* [WORK TO BE COMPLETED] Reproduce exactly the line with "(L x l x H)" and every line that follows it below, up to and including the last one. Do not include pictures or anything else.

* [RECORDED DATA]
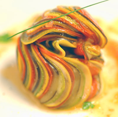 Oh and in French "courgette" means zucchini. It can also designate the light green sort of zucchini that's called 西葫芦 in China. In so far as Keller "inventing" it he was asked by the directors how he would make ratattouille for the toughest food critic in the world, and he came up with the plating you see in the movie. However this was not his first referance to the "byaldi" dish as it was previously published in the French Laundry cookbook, as well as served in the restaurant prior to that. As to the actual origins of slicing a rattatouille instead of dicing it, like many culinary origins it is not exactly well documented. Keller certainly has made this preperation popular though. While I agree he may have contributed to make it popular in the US, but this dish has been eaten for decades if not centuries in the South of France. And when I say this dish, I don't mean ratatouille, I really mean this recipe, although as mentioned in my previous post, the traditional recipe substitutes the pepper mixture with a similar onion mixture. Don't misunderstand me, as a French cuisine specialist and food enthusiast I obviously have a huge respect and a lot of admiration for Keller, but he certainly did not invent this dish. His way of presenting it is really sick though, the picture is amazing. To settle this argument... This is a ratatouille: ![[image loading]](http://www.le-beausset-en-provence.com/images/beausset-cuisine/cuisine-ratatouille-proven%C3%A7ale.jpg) This is a Tian à la Provençale: ![[image loading]](http://recettessimples.fr/images/Tian_Courgettes_Tomates_cuit_t.800.jpg) What actually happened for the movie Ratatouille (my guess): they were looking for a typically french-sounding dish, and stumbled upon the name "Ratatouille". However, as you can see above, a ratatouille is not very visually appealing. For this reason, they kept the name "Ratatouille", but showed it as a "Tian à la Provençale" in the movie (because the ingredients are very similar). So no, Keller did not invent anything about this dish, but I must agree with the fact that the presentation he did is very good  . Trust me, I'm a Frenchman, and I love both Tian and Ratatouille !
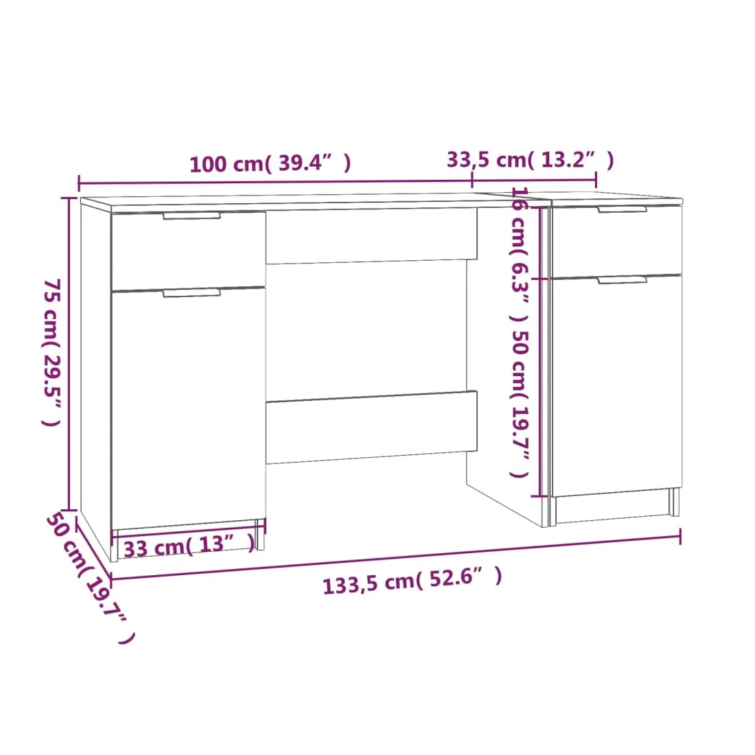 • Dimensions de l’armoire latérale : 33,5 x 50 x 75 cm (L x l x H)
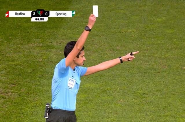 Pateks į futbolo istoriją – Portugalijoje rungtynių metu parodyta balta kortelė
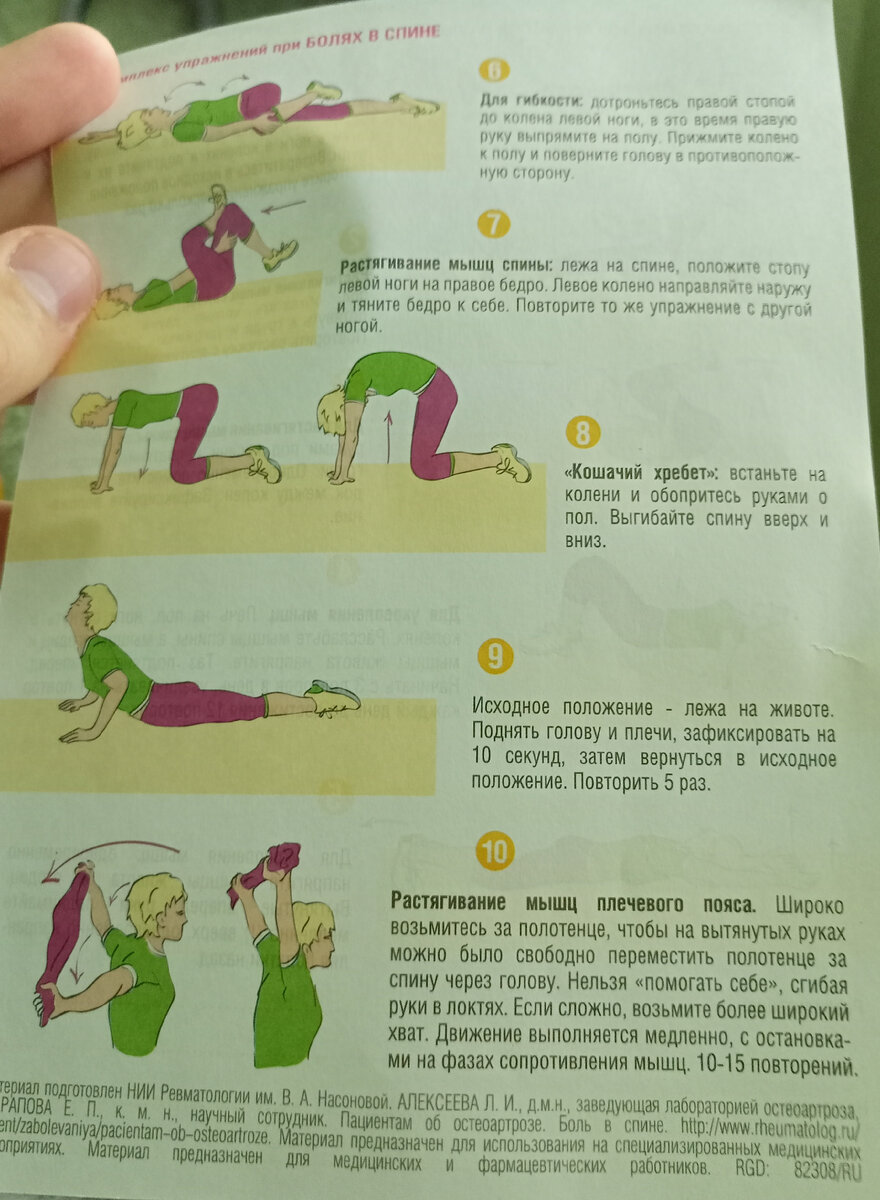Прошло 6-ть недель после операции. Первая часть тут:https://dzen.ru/a/ZC_OYByJ-3QVpCig Вести меня стала невролог. В общем отстояв очередь по записи час я попал к ней в кабинет. В выписке написано рентген контроль через 6-ть недель, она мне сказала что смысла его делать нет, на счет сидеть говорит можете ненадолго по 15 мин в корсете и дала мне брошюру как делать лфк Говорит что нельзя делать упражнения, где есть скручивание и те, которые на животе. Бассейн говорит рано, водить машину тоже,еще выписала лекарство ДОНА 1 пакетик в день 3 месяца. Что по личным ощущениям: надевать корсет поднимая таз мне до сих пор больно, поэтому надеваю его через бок. Утром после сна вообще боли нет потом в течении дня я ее чувствую только при подъеме с кровати и когда двигаешь тазом лежа на ней. Присутствует онемение мизинца на левой ноге, когда ложишься на левый бок и немного как будто немеет ляжка спереди так же на левой ноге, когда стоишь (ну то бывает, то нет). Хожу в туалет уже без инвалидного ст

* [SOLUTION TO THIS PROBLEM]
 • Dimensions de l’armoire latérale : 33,5 x 50 x 75 cm (L x l x H)
 Pateks į futbolo istoriją – Portugalijoje rungtynių metu parodyta balta kortelė
Прошло 6-ть недель после операции. Первая часть тут:https://dzen.ru/a/ZC_OYByJ-3QVpCig Вести меня стала невролог. В общем отстояв очередь по записи час я попал к ней в кабинет. В выписке написано рентген контроль через 6-ть недель, она мне сказала что смысла его делать нет, на счет сидеть говорит можете ненадолго по 15 мин в корсете и дала мне брошюру как делать лфк Говорит что нельзя делать упражнения, где есть скручивание и те, которые на животе. Бассейн говорит рано, водить машину тоже,еще выписала лекарство ДОНА 1 пакетик в день 3 месяца. Что по личным ощущениям: надевать корсет поднимая таз мне до сих пор больно, поэтому надеваю его через бок. Утром после сна вообще боли нет потом в течении дня я ее чувствую только при подъеме с кровати и когда двигаешь тазом лежа на ней. Присутствует онемение мизинца на левой ноге, когда ложишься на левый бок и немного как будто немеет ляжка спереди так же на левой ноге, когда стоишь (ну то бывает, то нет). Хожу в туалет уже без инвалидного ст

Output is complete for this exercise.